Directions
Once the line containing "- flexible Druckschläuche G 3/8" is found in the data below, repeat it and every later line exactly, leaving the pictures out.

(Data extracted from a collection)
- - -

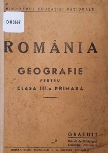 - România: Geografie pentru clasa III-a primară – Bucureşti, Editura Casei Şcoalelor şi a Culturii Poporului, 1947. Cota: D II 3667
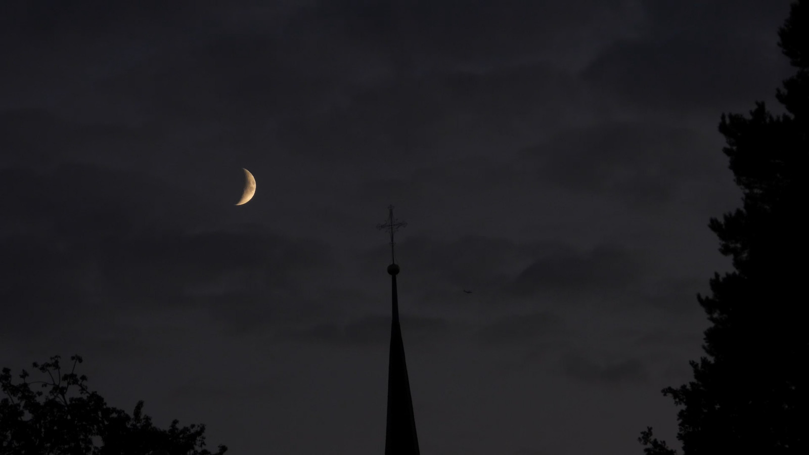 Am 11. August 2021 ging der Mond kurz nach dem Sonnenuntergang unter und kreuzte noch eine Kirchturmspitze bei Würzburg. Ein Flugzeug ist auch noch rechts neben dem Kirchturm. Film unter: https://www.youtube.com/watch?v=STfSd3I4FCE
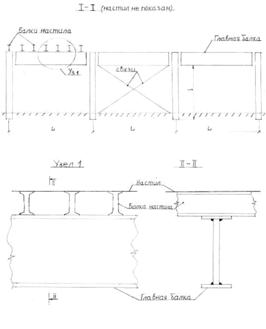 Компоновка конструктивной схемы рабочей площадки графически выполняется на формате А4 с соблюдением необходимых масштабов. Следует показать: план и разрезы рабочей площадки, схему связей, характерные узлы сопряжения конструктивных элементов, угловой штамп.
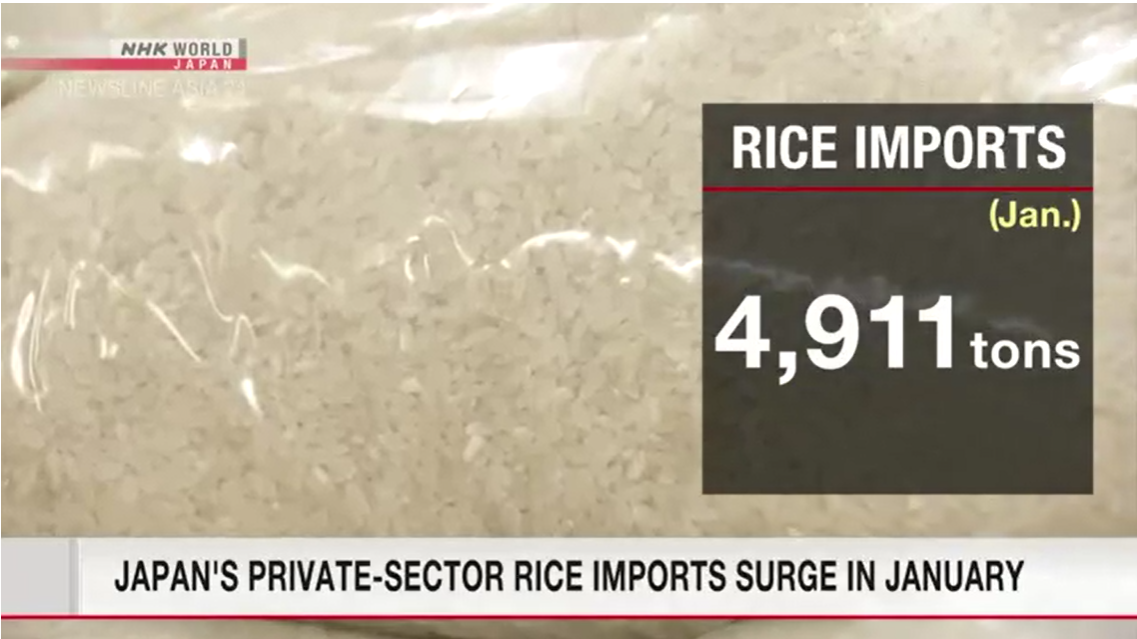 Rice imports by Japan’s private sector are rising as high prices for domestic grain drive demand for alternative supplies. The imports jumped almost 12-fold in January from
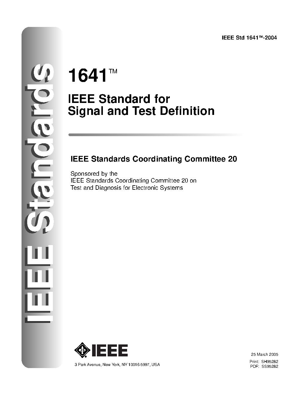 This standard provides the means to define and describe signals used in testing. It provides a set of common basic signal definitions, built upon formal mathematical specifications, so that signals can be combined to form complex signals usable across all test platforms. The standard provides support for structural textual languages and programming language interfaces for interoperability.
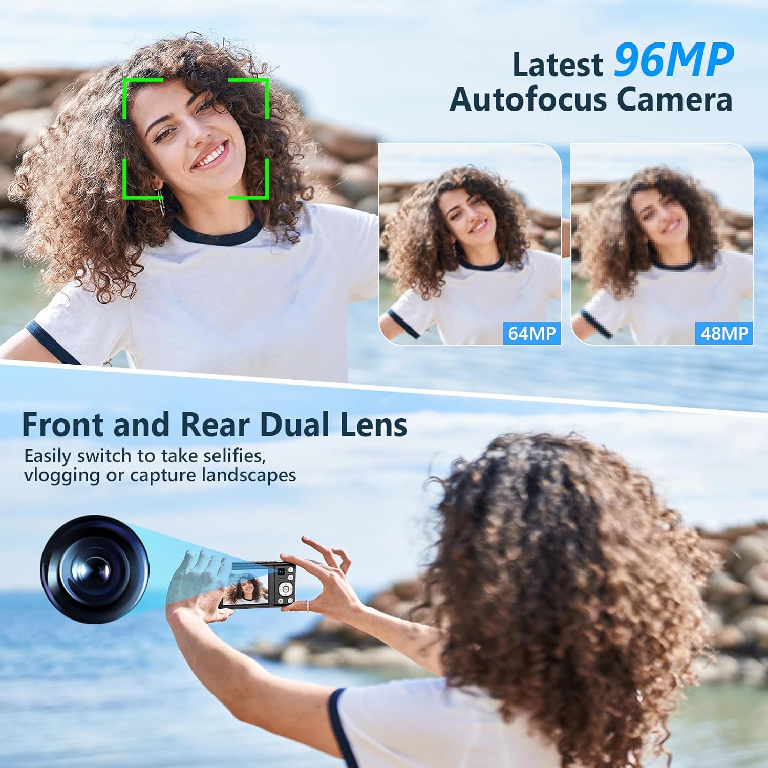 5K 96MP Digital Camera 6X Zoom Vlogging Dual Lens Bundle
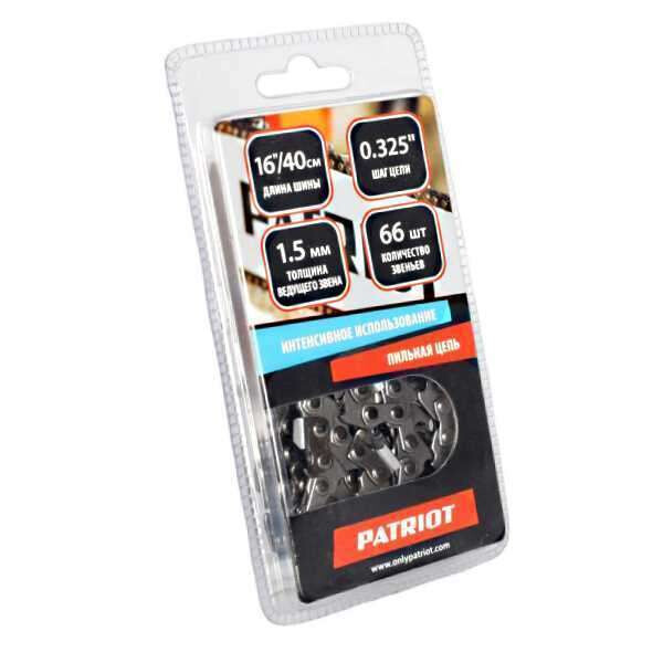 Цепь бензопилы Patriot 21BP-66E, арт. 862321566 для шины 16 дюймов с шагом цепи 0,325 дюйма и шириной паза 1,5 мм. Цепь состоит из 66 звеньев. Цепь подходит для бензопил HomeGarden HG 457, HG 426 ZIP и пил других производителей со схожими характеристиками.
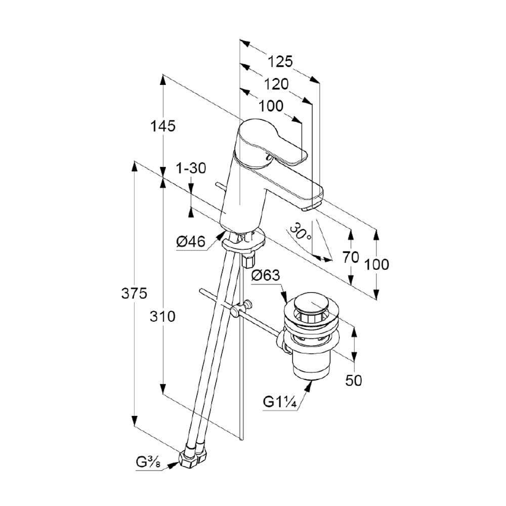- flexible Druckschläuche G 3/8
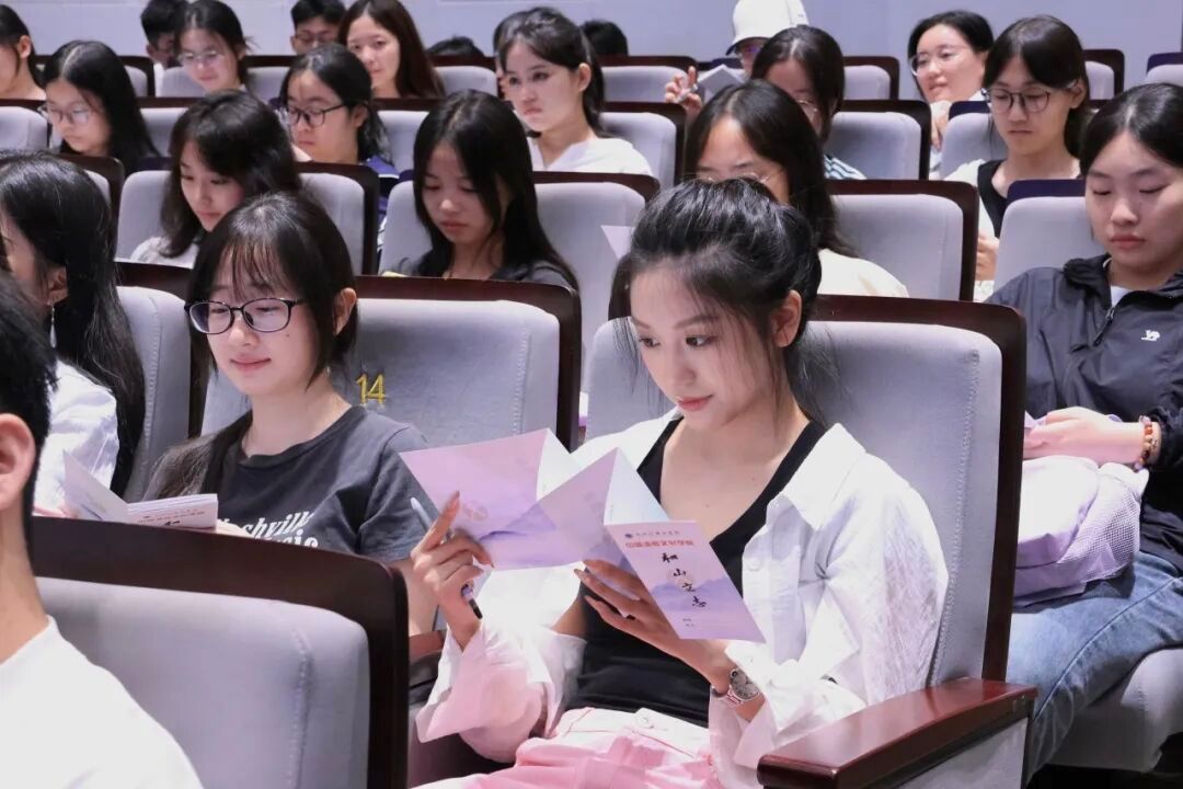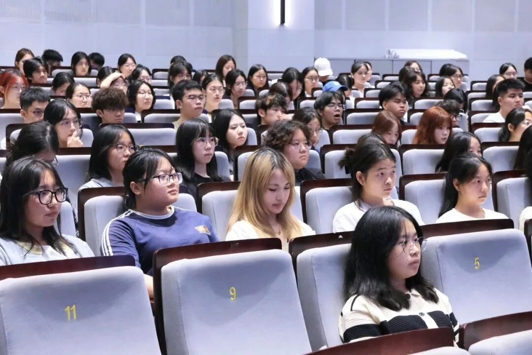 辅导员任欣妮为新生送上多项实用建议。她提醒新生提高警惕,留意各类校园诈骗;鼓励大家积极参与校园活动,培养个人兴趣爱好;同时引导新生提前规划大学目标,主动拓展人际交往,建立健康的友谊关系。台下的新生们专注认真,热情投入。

- - -

Final answer
- flexible Druckschläuche G 3/8
 辅导员任欣妮为新生送上多项实用建议。她提醒新生提高警惕,留意各类校园诈骗;鼓励大家积极参与校园活动,培养个人兴趣爱好;同时引导新生提前规划大学目标,主动拓展人际交往,建立健康的友谊关系。台下的新生们专注认真,热情投入。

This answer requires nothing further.